I'll qualify my comments that the terms I used are all somewhat or completely non-empirical, including the "expensive" aspect.
Expensive: Estimating the total cost of US involvement in Mideast conflicts since 9/11 comes to at least as much as your $4T WWII estimate.
This site claims $5.9T for all Mideast military involvement, far higher than your $1T guess. I think both your estimate for WWII and the one I found for Mideast conflicts are both high, but the Mideast costs are still higher than WWII.
You'd have to figure out a metric for "most destructive", but I'd say flattening Dresden, Tokyo, Hiroshima, Nagasaki wins hands down on their own against the Iraq war in human lives and destruction of roads, bridges, hospitals, apartment buildings, and on and on.
I'm inclined to lean your way on this point for lost lives, but our Mideast engagements had both massive direct costs in deaths, population displacement, and ongoing resulting deaths and displacements that go beyond just lost lives. I can't give a measurement for that.
Gulf of Tonkin was at the time understood to be really sketchy, while Hussein's Iraq clearly was launching missiles. Similarly, the Maine was a total cockup pushed by Hearst, of very dubious reality. It would be like if Bush had launched the Iraq war because Fox News kept publishing crap about Hussein and Iraq. And geopolitically? The Monroe doctrine is a lot more suspect than the idea of establishing a heavy boot in the Middle East. Spain wasn't even a real enemy, we just wanted to scoop up Cuba for our own interests. Misguided? I'd be hard pressed to find out how Iraq war would beat out either of them.

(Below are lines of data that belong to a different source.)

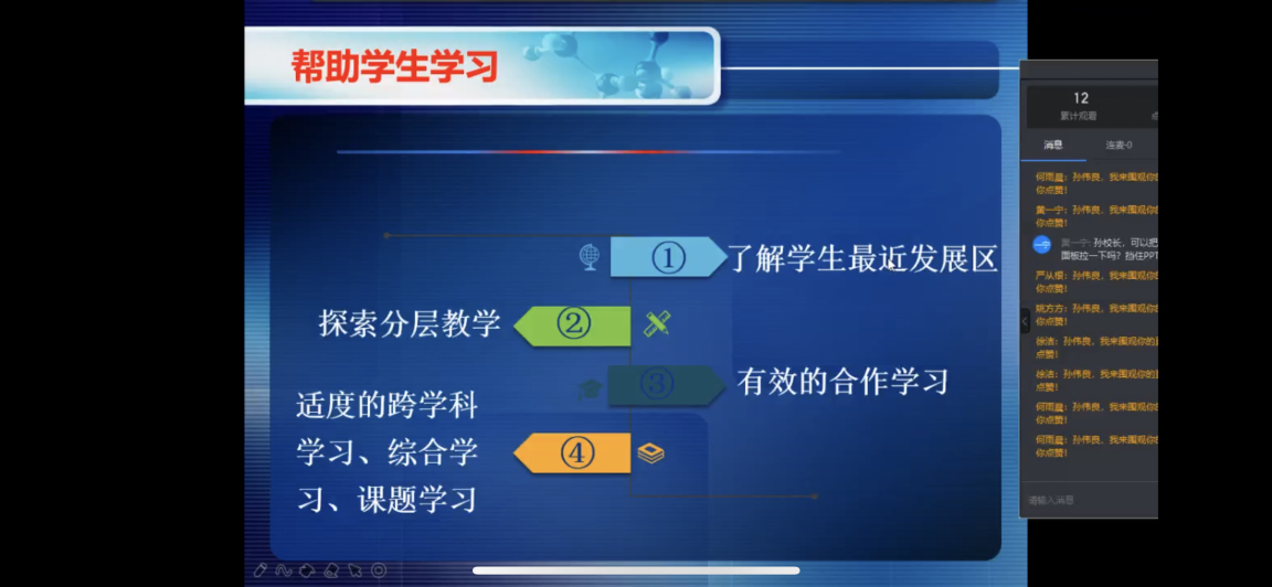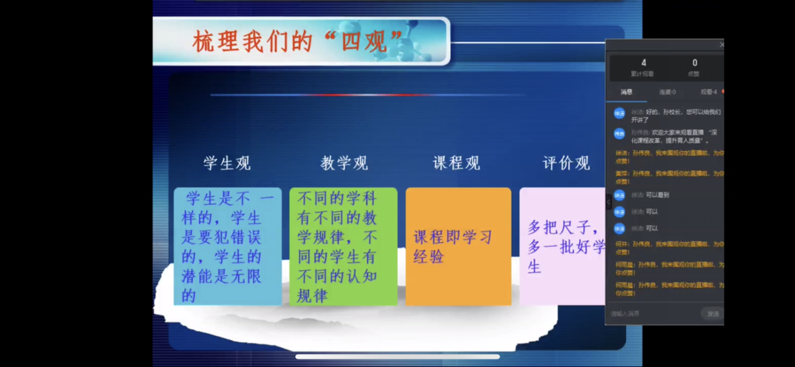 孙校长梳理了学生观、教学观、课程观、评价观,简单介绍了影响学生发展的四大因素和五大维度。结合在一线经验和生动的案例,阐述了在课程改革中应关注哪是个关键点,其中包括:关爱、激活、基础、钻研、针对性、学法、思维、自我评估、角色。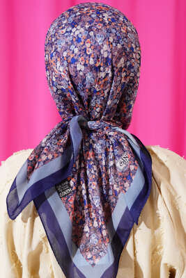 Çiçek Desenli Bambu Kraş Şal Soft Mavi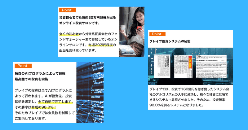 ランディングページ(LP)では毎週30万円の配当が受け取れるとしており、月収100万円を超えることも決して不可能ではないことになります。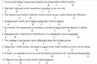 Tìm lỗi sai của câu và sửa nó. Hứa sẽ chấm điểm, mình cần gấp. ----- Nội dung dịch tự động từ ảnh ----- 1. Some people think young people should to be independent of their families. A в D 2. She didn't take part in the competition yesterday so she was sick. C D 3. The Japanese are familiar with the western custom to eat a turkey dinner for Christmas. A в A B D 4. Young people usually don't think country life could be interest. A в D 5. In Vietnam, the engagement is sometimes considered much important than the wedding. A B D 6. Dressing well is important in South Korea; it is considered a sign of respectful. A в D 7. The clothing of one group is quite differently from that of other groups. A в D 8. When Kate visited Alaska, she lived in a igloo in the winter months as well as in the spring. A в D 9. In India, you shouldn't never use your left hand to eat because it's considered disrespectful. A в D 10. When he was able to make friends with foreigners? A B D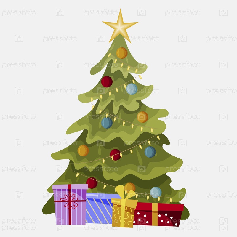 Рождественская елка, украшенная днкоративными шарами, гирляндами, звездой и подарочными коробками. Веселого Рождества и счастливого Нового Года. Векторная иллюстрация в плоском стиле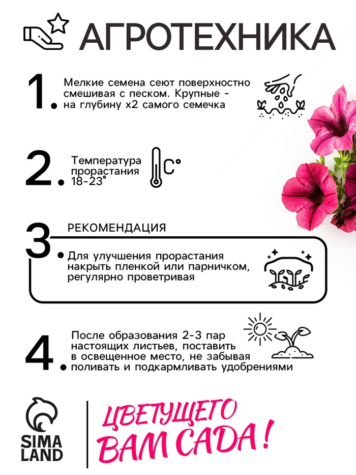Посев: Рекомендуется сеять семена в феврале-марте. Для лучшего результата используйте легкий грунт и обеспечьте достаточное освещение.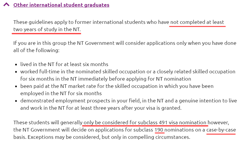 此类别主要适用于未在北领地完成2年学习的学生,仅可申请491州担保,只有在特殊情况下才会给个别外州毕业生批准190州担保。国际毕业生在递交NT 491州担保申请前需要满足下列条件: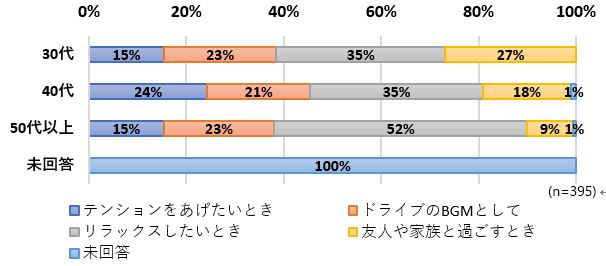 約半数(46%)が「リラックスしたいとき」に聴きたくなると回答。

I think you and I would be in agreement that all of the major military conflicts (except WWII) the US has fought were avoidable. I'll argue that the second Iraq War eclipses the others as being misguided, since we launched it under the worst possible phony excuses. Every single claim that was used to justify it initially was false, and in combination with the still ongoing war in Afghanistan, had virtually no change of achieving the advertised goals. I'll never understand how our "leaders" at the time escaped accountability and punishment. We've "litigated" the casus belli for these wars often enough on Ornery already, so I'll leave it at that. FWIW, I also thought the first Gulf War was a huge mistake that led to horrific and unanticipated consequences. That hasn't been given nearly as much attention here, but it's probably not worth spending much time on it at this point.
Disastrous? That's the most ambiguous of the four, and overlaps with the others to varying degrees.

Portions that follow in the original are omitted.